EXERCISE BRIEF:
Search the records below for "России" and copy every line it turns up in.

(Stored items)
BEGIN

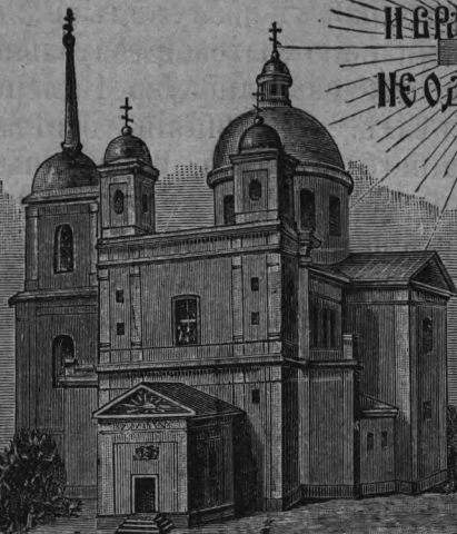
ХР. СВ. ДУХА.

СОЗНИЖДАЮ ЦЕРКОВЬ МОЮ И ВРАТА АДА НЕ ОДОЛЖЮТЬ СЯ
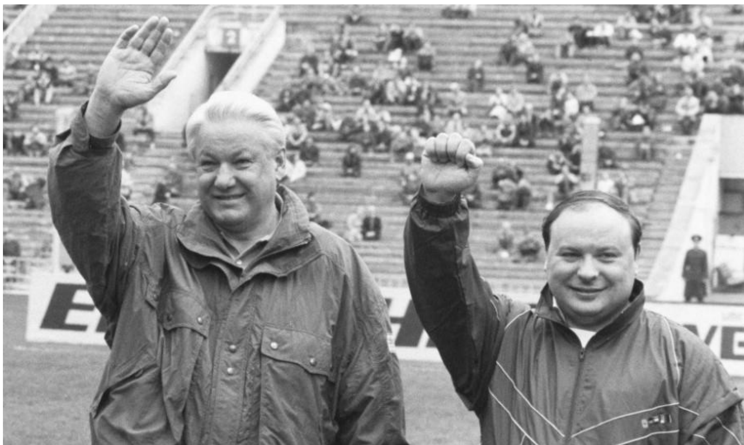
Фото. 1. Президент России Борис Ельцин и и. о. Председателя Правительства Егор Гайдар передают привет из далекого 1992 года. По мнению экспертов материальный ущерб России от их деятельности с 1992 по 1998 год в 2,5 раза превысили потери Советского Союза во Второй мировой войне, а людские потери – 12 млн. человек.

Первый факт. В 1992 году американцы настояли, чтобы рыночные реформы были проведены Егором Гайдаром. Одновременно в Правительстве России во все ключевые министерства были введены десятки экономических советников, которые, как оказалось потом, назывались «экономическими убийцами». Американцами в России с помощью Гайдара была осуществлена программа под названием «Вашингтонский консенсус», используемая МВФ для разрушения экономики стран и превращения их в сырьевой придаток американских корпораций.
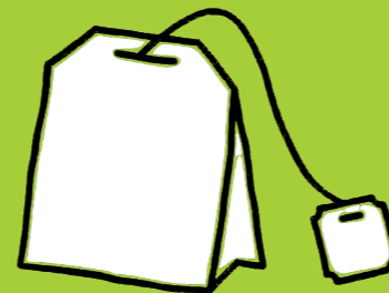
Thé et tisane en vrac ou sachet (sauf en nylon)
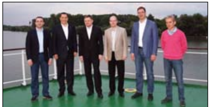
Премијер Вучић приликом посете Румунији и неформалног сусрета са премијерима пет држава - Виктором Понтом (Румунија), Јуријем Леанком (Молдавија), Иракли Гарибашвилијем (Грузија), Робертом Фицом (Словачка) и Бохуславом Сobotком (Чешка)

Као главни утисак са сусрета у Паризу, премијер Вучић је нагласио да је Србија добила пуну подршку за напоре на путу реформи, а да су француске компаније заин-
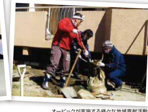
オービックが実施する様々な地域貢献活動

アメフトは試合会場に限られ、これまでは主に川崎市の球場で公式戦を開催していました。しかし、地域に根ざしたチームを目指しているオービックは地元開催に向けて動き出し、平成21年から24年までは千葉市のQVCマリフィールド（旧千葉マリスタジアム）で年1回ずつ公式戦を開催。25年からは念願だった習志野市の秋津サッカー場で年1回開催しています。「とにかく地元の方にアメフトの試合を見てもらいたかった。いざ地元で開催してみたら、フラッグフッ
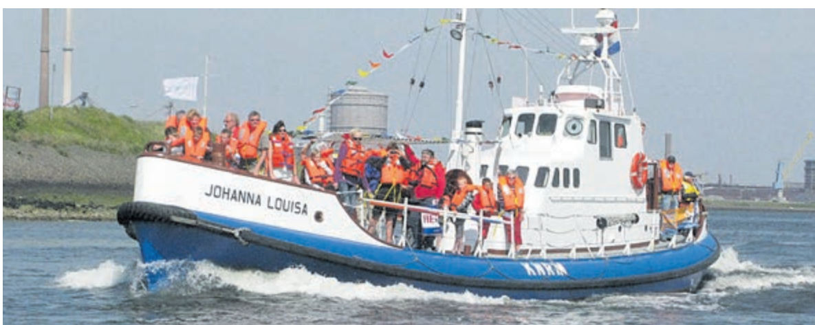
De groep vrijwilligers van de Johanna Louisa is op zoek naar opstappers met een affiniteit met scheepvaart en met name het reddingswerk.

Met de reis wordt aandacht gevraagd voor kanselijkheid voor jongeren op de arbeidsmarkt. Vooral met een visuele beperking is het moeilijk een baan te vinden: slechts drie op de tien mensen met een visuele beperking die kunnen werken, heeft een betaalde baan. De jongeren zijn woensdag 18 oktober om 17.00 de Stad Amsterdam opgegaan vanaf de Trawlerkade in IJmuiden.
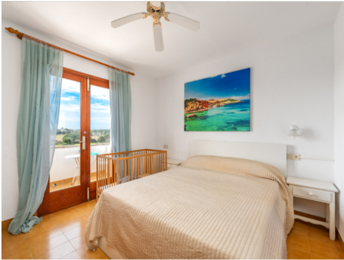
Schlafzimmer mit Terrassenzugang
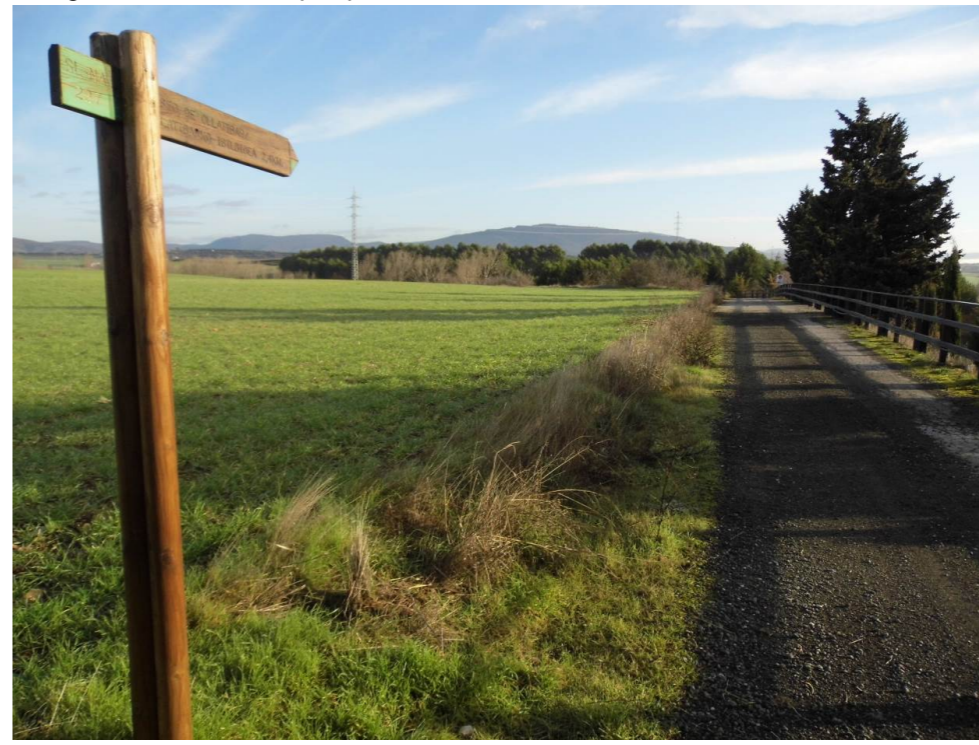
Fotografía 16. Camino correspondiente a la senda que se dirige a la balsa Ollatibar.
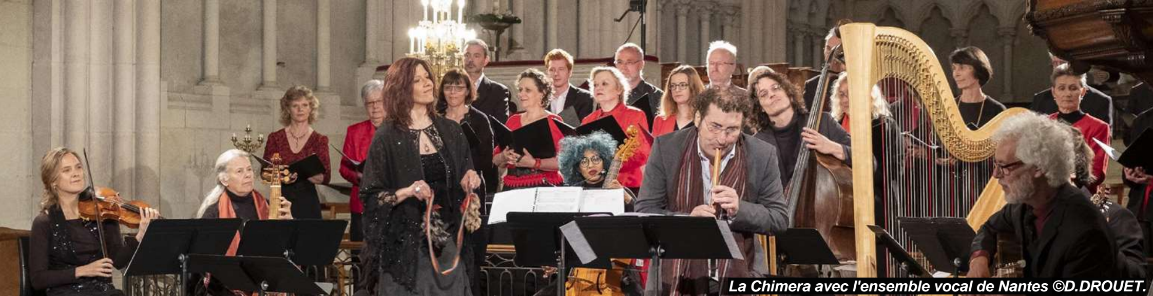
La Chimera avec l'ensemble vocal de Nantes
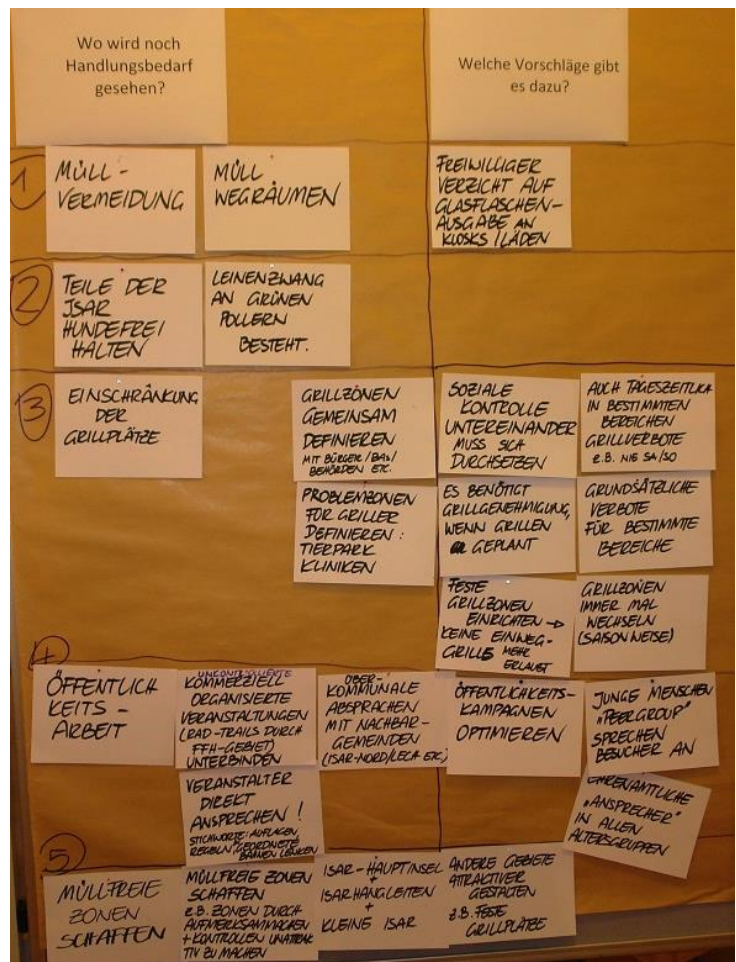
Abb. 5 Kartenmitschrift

END

ANSWER SPACE:
Фото. 1. Президент России Борис Ельцин и и. о. Председателя Правительства Егор Гайдар передают привет из далекого 1992 года. По мнению экспертов материальный ущерб России от их деятельности с 1992 по 1998 год в 2,5 раза превысили потери Советского Союза во Второй мировой войне, а людские потери – 12 млн. человек.
Первый факт. В 1992 году американцы настояли, чтобы рыночные реформы были проведены Егором Гайдаром. Одновременно в Правительстве России во все ключевые министерства были введены десятки экономических советников, которые, как оказалось потом, назывались «экономическими убийцами». Американцами в России с помощью Гайдара была осуществлена программа под названием «Вашингтонский консенсус», используемая МВФ для разрушения экономики стран и превращения их в сырьевой придаток американских корпораций.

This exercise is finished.